How wonderful to realise that the Bible never grows old. As Vance Havner puts it, “The Word of God is either absolute or obsolete.” The generations come and go, but the Word of God shall stand forever. Kant (1724-1804) put it better than he knew, “The Bible is an inexhaustible fountain of all truths. [Its] existence is the greatest blessing which humanity ever experienced.” Yet, it was Kant’s teaching, perhaps more than any other man, that opened the door to the modern denial that man can really know God or His Word, and prepared the way for Neo-orthodoxy and existentialism! Consider the Bible’s teaching.

How practical is the book of Proverbs! This chapter deals with problems facing all ages. Anxiety, stress, anger, international strife, confront us within its pages. Proverbs is a good place to start reading the Bible! Someone said, “It is well fitted to create a market for the Gospel.” It provides a mirror in which to see ourselves and a treasury of Wisdom and Truth to live by. Parents, keep every before your children that “truth in faith works holiness in life.” The same applies to the evil workings of error!

To reveal what little reason saints have to envy sinners, the last four verses compare the respective condition of each. Verses 27-31 were God’s rules, and verses 32-35 give God’s reasons. The history of man is the epic of the violation of those rules! The negative rules are followed by positive reasons. God owes us no explanation for our obedience, yet sinful men wilfully scorn them.

The warnings run from vs. 25-31, and all begin Do not! Who says there should only be positive preaching? Here we are told how to do good negatively, and they all have their counterparts in the NT. Note that what not to do clearly suggests what we should do. Negatives merely serve to highlight the positives!

In spite of all the rhetoric, there is still little neighbourliness in this sin-cursed world, but, tragically, lots of hatred and division. This touches a sensitive but practical nerve. How should a believer act toward a neighbour, and who is that neighbour? This is the proclamation of the Good Samaritan parable, which is still timely for us (Jas. 2:14-17). Note how the verses 27-31 all begin Do not (Heb.)!

William Arnot observed, “An appalling amount of hypocrisy exists in Christendom, and passes current for devotion.” Bunyan painted a similarly sad picture in his day. When the sailing is smooth, By-ends and his kinsfolk of the town of Fair Speech will not suffer Christian to “impose or lord it over [their] faith,” but Christian replied, “You must go against wind and tide; you must own Religion in his rags, as well as when in his silver slippers.” Many are like By-ends great-grandfather, who was a “waterman, looking one way and rowing another!”

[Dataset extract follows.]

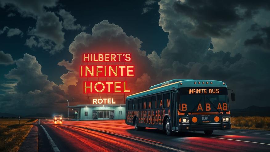 Ваш отель работает и полностью заселён, вы получаете бесконечный доход с бесконечного числа постояльцев, но вдруг прибывает ещё один. Что вы будете делать, куда его поселить? Вы сталкивались с такой ситуацией бесконечное число раз: если прибывает один новый гость, всех гостей можно переместить в номер на единицу больший, чем их текущий номер. Гость в номере 1 переезжает в номер 2, гость в номере 2 — в номер 3, гость в номере бесконечность переезжает в номер бесконечность + 1 и так далее. Номер 1 будет свободен для нового гостя. Ну, через бесконечно долгий промежуток времени, когда все наконец подвинутся.
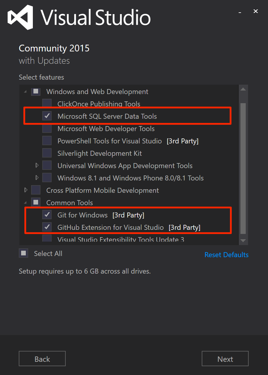 機能選択の一覧から、[Microsoft SQL Server Data Tools]、[Git for Windows]、[GitHub Extension for Visual Studio] を選択します。

Solomon boldly affirms that God is the Creator, and ‘He’s got the whole world in His hands’ (Gen. 1:1, Col. 1:9-17). Also we have a foreview of the Gospel. Sin blinds man from seeing that “that which moves God to work is Goodness; that which orders his work is Wisdom; that which perfects his work is Power” (Hooker). The Bible repudiates two theories commonly held to explain the origin of everything, namely, that the world is eternal, or that everything evolved by chance plus time. Since Wisdom was God’s Agent in creation (8:22-31), how much more does man need this Wisdom to occupy and subdue the earth as God’s Covenant-keeper!